El concepto de goce de Lacan se refiere a lo que se sacrifica a través del proceso de socialización, a la parte castrada de nosotros mismos que, como carencia, no deja de influir en nuestro deseo. Es la promesa imaginaria, de recapturar este disfrute imposible (y perdido) que nos proporciona la fantasía para muchos de nuestros proyectos políticos; así se hace presente bajo las construcciones utópicas.
A través de estas promesas fantasmáticas se alcanzan experiencias parciales de disfrute, ayudando al sostenimiento del atractivo hegemónico de la promesa política, incluso sin tener que llegar a incriminar a alguien por su participación en el fracaso de restaurar la integridad subjetiva y plenitud social, esto es, por lo que hemos titulado como el robo del goce.
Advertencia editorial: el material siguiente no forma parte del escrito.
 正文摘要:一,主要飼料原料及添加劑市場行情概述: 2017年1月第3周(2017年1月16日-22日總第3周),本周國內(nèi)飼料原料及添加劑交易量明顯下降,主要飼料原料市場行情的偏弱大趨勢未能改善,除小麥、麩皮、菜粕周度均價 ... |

Justo en el reverso de esta armonía se encuentra el odio, la demonización y la persecución.
La fantasía de un disfrute perfecto estimula nuestro deseo de consumo, y tan pronto como el producto deseado (objeto-causa del deseo) se encuentra en nuestras manos, la experiencia inmediata es de un disfrute parcial al que le sigue un descontento y un tercer momento de alienación. De nuevo, se precipita que el goce obtenido no es espejo del goce esperado; en todo caso, un semblante.
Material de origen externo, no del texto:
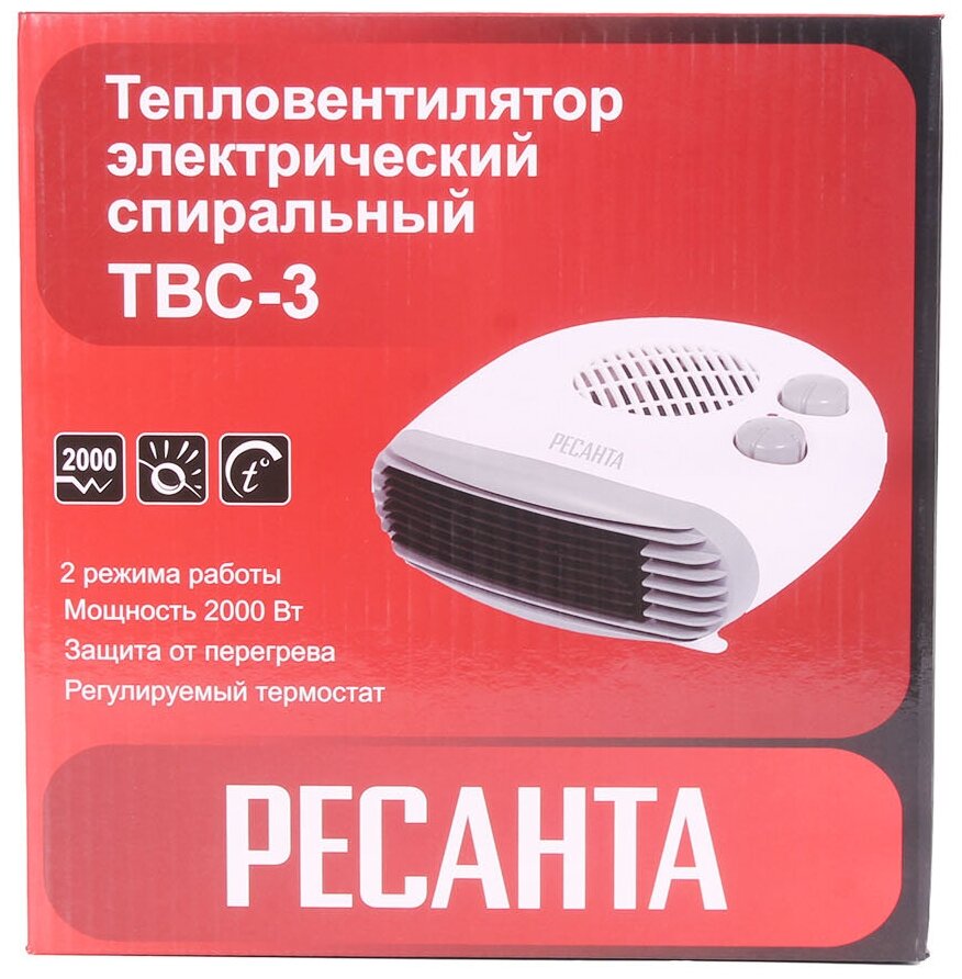 Type of heater: fan heater, room area: 25 m², power consumption: 2 kW, installation: floor, desktop, protection systems: overheating shutdown, control: mechanical, features: temperature control

Así, se desvela que el sujeto, cuya marca es su falta, se convierte en el tema central de una compleja política de identificación. La carencia estimula el deseo y, por lo tanto, deriva en la constitución de que toda identidad se arma a través de procesos de identificación con objetos socialmente disponibles por el mercado, partner del capitalismo.